佐賀県は16日、県庁や県立図書館など県有施設の男性トイレ個室にサニタリーボックス(汚物入れ)を設置する考えを示した。前立腺がんやぼうこうがんの患者らが使う尿漏れパッドを捨てることができ、県が目指す誰もが暮らしやすいまちづくりにつなげる。

 16日の県議会一般質問で、中本正一議員(公明)が「がん患者だけでなく、加齢による尿漏れやトランスジェンダーで生理がある人など、男性用トイレの個室にサニタリーボックスがなくて困っているという声がある」と述べ、県の方針をただした。

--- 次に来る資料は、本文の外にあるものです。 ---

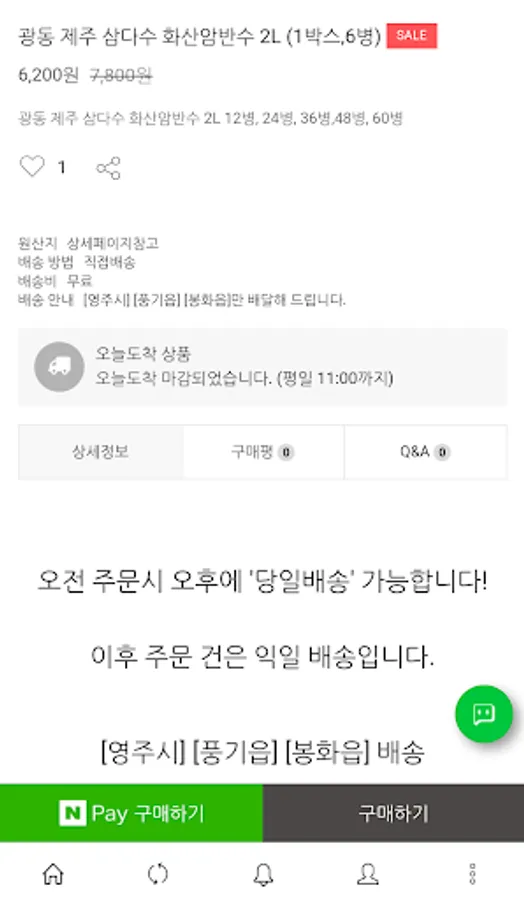 The delivery area is [In Yeongju-si, Bonghwa-eup, Punggi-eup]~
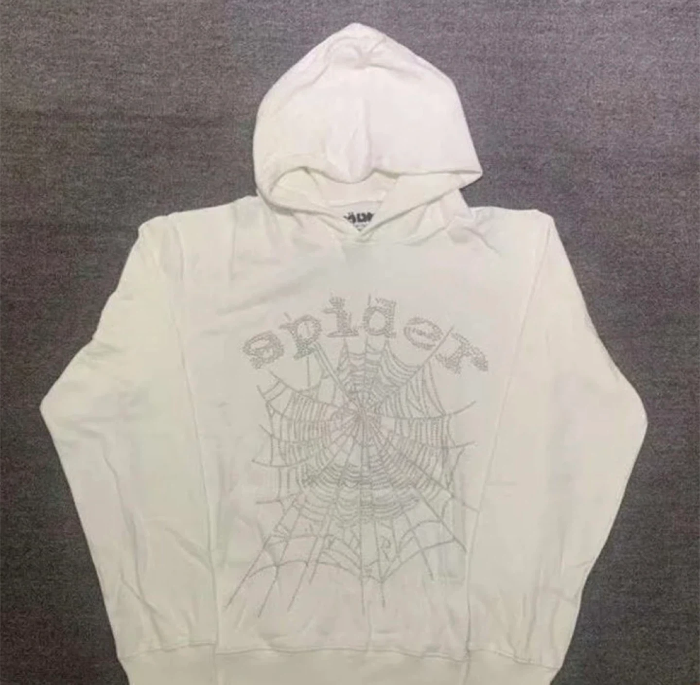 This white hoodie features a sparkly spider web graphic on the front with "spider" in rhinestones. It's a comfortable pullover with a hood and long sleeves. A stylish addition for any streetwear collection!

 久保山善生健康福祉部長は答弁で「県民が多様性を認め合い、お互いに尊重し合うことにつながる」と設置の意義に言及し、「まずは県有施設からと考えている。市町や不特定多数の人が利用する民間施設にも理解促進に向けて働きかけていきたい」と強調した。

 県によると、県内で2019年に前立腺がん、ぼうこうがんと診断された男性はそれぞれ596人、101人となっている。県がん撲滅特別対策室は「建設中のアリーナを含め各施設の実情に応じ、関係部署や指定管理者と連携して設置を進めていきたい」としている。